It's the gays, Sean. They ruined marriage because nobody can tell anymore who's supposed to be shooting people and who's supposed to be in the kitchen making the snacky food.
Riley ,'Conversations with Dead People'
Spike's Bitches 33: Weeping, crawling, blaming everybody else
[NAFDA] Spike-centric discussion. Lusty, lewd (only occasionally crude), risque (and frisque), bawdy (Oh, lawdy!), flirty ('cuz we're purty), raunchy talk inside. Caveat lector.
Brenda's right. You can blame me, a gay. I can handle it. Like a man. Because I am teh gay.
Also, in need of a nap.
snerk, brenda
Also, in need of a nap.
Or whatever it is her people call a nap.
Also, in need of a nap.
But napping is neither shooting people in the head nor making snacky food! What are you gays, some kind of third sex?
I [heart] all my gays. Esp. meara.
Teh gays are undermining the procurement of snacky foods! Protect your Chex mix!
ETA: Woot! Number slut! Evil plus 1!
Protect your Chex mix!
I originally read this as "Cher mix." And protecting that from the gays was a lost cause long, long ago.

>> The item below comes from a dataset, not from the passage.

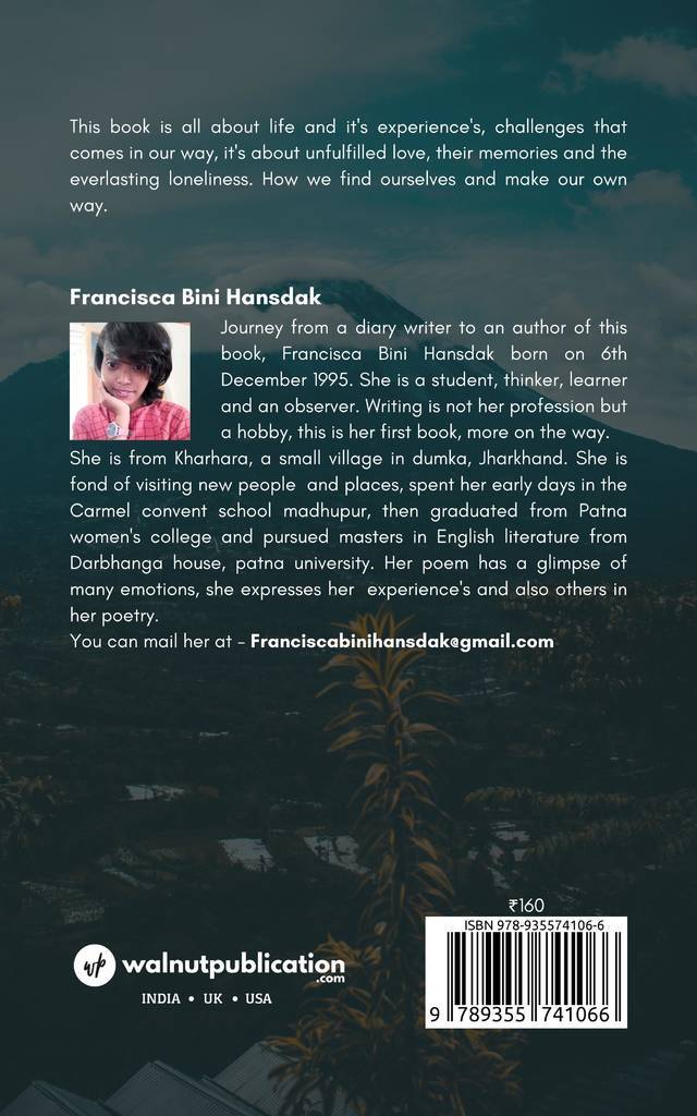This book is all about life and it’s experience’s, challenges that comes in our way, it’s about unfulfilled love, their memories and the everlasting loneliness. How we find ourselves and make our own way.

I originally read this as "Cher mix." And protecting that from the gays was a lost cause long, long ago.
The gays invented the Cher mix!
Do you belieeeeve in life after love?
I originally read this as "Cher mix." And protecting that from the gays was a lost cause long, long ago.
Fred, you owe my company a new laptop. It's swimming in Diet Pepsi. That's the funniest thing I've heard in forever.
Raq, I know you're coming back to DC, but I think I missed the "when." I hereby offer my services as a Mal-sitter in advance.